Kokoro remains the planned tiny-model TTS path. During local demos, if the server-side Kokoro call falls back, the browser speech engine can read the same transcript so screen-reader mode still produces audible feedback.

Generated speech files are pruned automatically so repeated demos do not grow the Space's `outputs` directory without bound.

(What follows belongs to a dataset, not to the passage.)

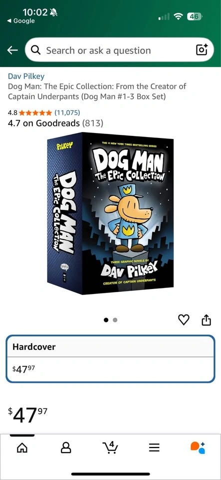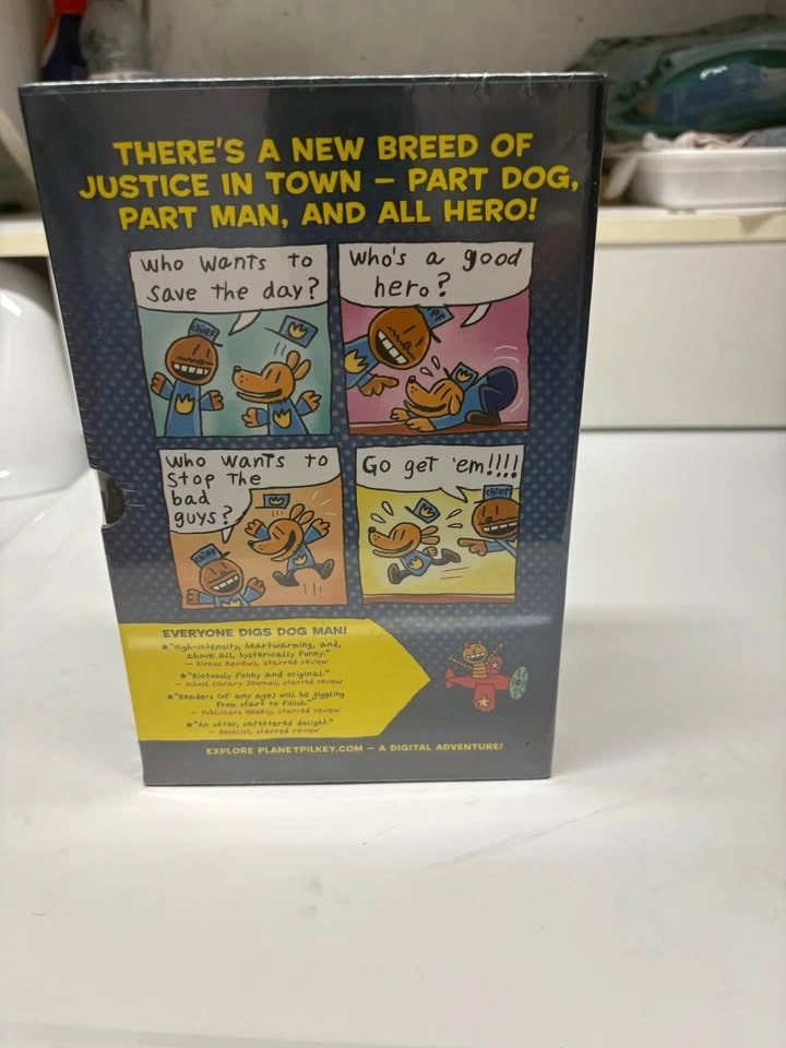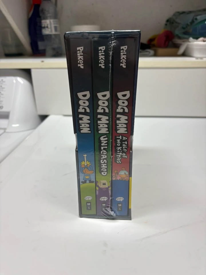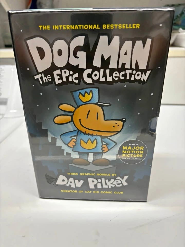 97New, unopened, factory-sealed Dog Man: The Epic Collection box set. Includes the first three books in the series by the creator of Captain Underpants: Dog Man, Dog Man Unleashed, and Dog Man: A Tale of Two Kitties. Hardcover collection with a total of 720 pages. Packaging has some retail shelf wear. Great deal!

The reader bar exposes Kokoro voice selection and speaking speed controls. Defaults come from `/api/article-manifest` so the UI, docs, and backend stay aligned.

Auto-advance is available as an opt-in reader control. It stays off by default so users keep manual control unless they choose continuous reading.

Navigation commands interrupt current speech before starting the next request, matching the expectation that a screen reader responds immediately when the user moves.

Reader-brain, image-description, speech, and image-generation responses include `elapsed_ms`. The session panel and transcript show recent latency so the Field Notes can discuss responsiveness with concrete numbers.

The sidebar model stack reads `/api/model-budget` so judges can see each role's model id, runtime, parameter count, and Tiny Titan pass status in the live app.

`/api/submission-readiness` gives judges one compact rollup of the claims the live app can prove.

`/api/evidence-bundle` returns the core judge receipts as formatted JSON for quick review or submission notes.

`/api/runtime-setup` summarizes each model path's runtime, setup command, and fallback chain, keeping the live demo honest about what is online, what can fall back to MiniCPM-V-4.6, and what is deterministic.

`/api/runtime-status` performs a short readiness check for llama.cpp and local speech dependencies, then reports which fallback paths are ready for a live demo.

## Generate Route

The header exposes two routes: Reader and Generate. Generate lets a user enter a topic, calls `/api/generate-article`, and renders a short semantic article with a thumbnail receipt. The text path uses the configured llama.cpp reader-brain model when available and falls back to deterministic article structure. The thumbnail path calls the Modal Klein worker for live image generation when `KLEIN_MODAL_ENDPOINT` is configured, and falls back to bundled SVG assets with explicit runtime metadata when the worker is unavailable.